A regular practice of pranayama can help stimulate the parasympathetic system, countering the overstimulation our bodies go through during the fight-or-flight response. Our breathing patterns are also very closely associated with our emotions. We breathe different when we are angry, nervous, excited or tired. However, there is a way to change and energize our breathing patterns. In yoga, the objective of pranayama is to teach how to properly inhale, exhale or retain your breathing.

Pranayama helps the body rid itself of impurities and lower your pulse by eliminating them through exhalation process. When these impurities are cleared, there is more room for the prana to enter freely inside the body. Even just taking out time consciously to breathe in and breathe out can help us alter our emotional states. Pranayama techniques have different effects, much like different asanas do. Most kinds of pranayama are practiced sitting down with an upright spine as in Hero’s pose, Lotus pose or cross-legged pose. The main idea here is to breathe smoothly and not strain your body. It is best to practice pranayama in the morning on an empty stomach and in room with fresh air. Pranayama needs to be carefully executed if you have your period, are pregnant or have digestive problems because they involve abdominal contractions with an upward motion. Before practicing pranayama, consultation and recommendation is needed from the doctor.

Deep breathing or meditative breathing is one of the most primitive and common technique practiced by people around the world. This simple breathing technique is the 4-7-8 breathing. It can give your organs and tissues a much-needed oxygen boost. In this technique inhale for 4 seconds through nose, hold for 7 seconds and exhale for 8 seconds through nose. This type of breathing exercise can help increase mental stability and reduce stress. It also helps to improve concentration level and calms the mind. Do not do more than four breaths of this exercise at a time for the first month of practice. While learning this exercise it’s recommended to sit with your back straight and make sure that you practice Meditative breathing 4-5 hours after having food.
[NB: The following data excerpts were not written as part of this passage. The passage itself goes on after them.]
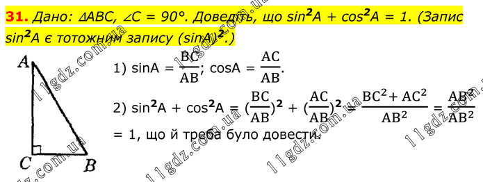 Дано: ∆ABC, ∠C = 90°. Доведіть, що sin2A + cos2A = 1. (Запис sin2A є тотожним запису (sinA)2.) 1) sinA = BC/AB; cosA = AC/AB. 2) sin2A + cos2A = (BC/AB)2 + (AC/AB)2 = (BC^2+ AC^2)/AB^2 = AB^2/AB^2 = 1, що й треба було довести.
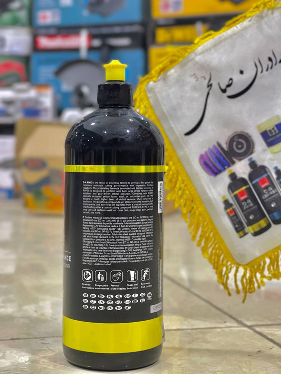 مایع پولیش نرم دوآل اکشن 1 لیتری روپس مدل Rupes High Performance Fine Polishing Compound DA Fine 9.DAFine نتیجه آزمایشات گسترده ای است که توسط شرکت روپس انجام شده است تا یک مایع پولیش نرم که ترکیبی از عملکرد لایه برداری همراه با شاین قابل توجه و چشم گیر است، ایجاد گردد. فرمول اختصاصی و منحصر به فرد این محصول روپس برای انجام پولیش کاری با دستگاه پولیش اوربیتال و دوآل اکشن بهینه شده است. مایع پولیش نرم دوآل اکشن 1 لیتری روپس با پد پولیش نرم و مایکروفایبر تجربه کاملا بی نقصی به دیتیلینگ کاران عزیز هدیه می دهد و دومین مرحله از مراحل پولیش کاری برند روپس می باشد که پس از لایه برداری با پولیش زبر، این محصول برای ایجاد درخشش فوق العاده توصیه می شود.
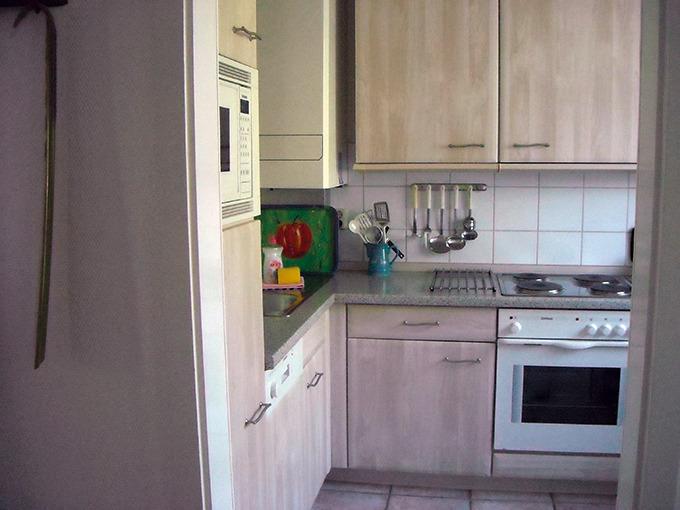 Die frisch renovierte und liebevoll eingerichtete Ferienwohnung liegt im EG des Zweifamilienhauses und hat eine Grösse von ca. 55 m2. Es ist eine Nichtraucherwohnung. Das erste Schlafzimmer ist mit einem Doppelbett (180 x 200) mit schöner Bettwäsche ausgestattet. Das zweite Kinderzimmer wurde mit einem bequemen franz. Bett(140 x 200) eingerichtet. Auch hier gehört natürlich die schöne Bettwäsche zur Ausstattung. Die moderne Küche verfügt über E-Herd, Spülmaschine, Mikrowelle, Kühl-/ Gefrierkombi und allem, was dazu gehört. Das Duschbad/WC ist hell gefliest und beinhaltet Kosmetikspiegel, Fön, sowie Handtücher.

Practicing pranayama can help you to relieve tension instantly as well as anger and anxiety. It is also quite beneficial for people suffering from Alzheimer and can also provide respite to a person in case he is feeling hot or have a mild headache. A regular daily practice of deep breathing is one of the best tools for improving your health and well-being. Learning to breathe consciously and with awareness is a valuable tool in helping to restore balance in the mind and body.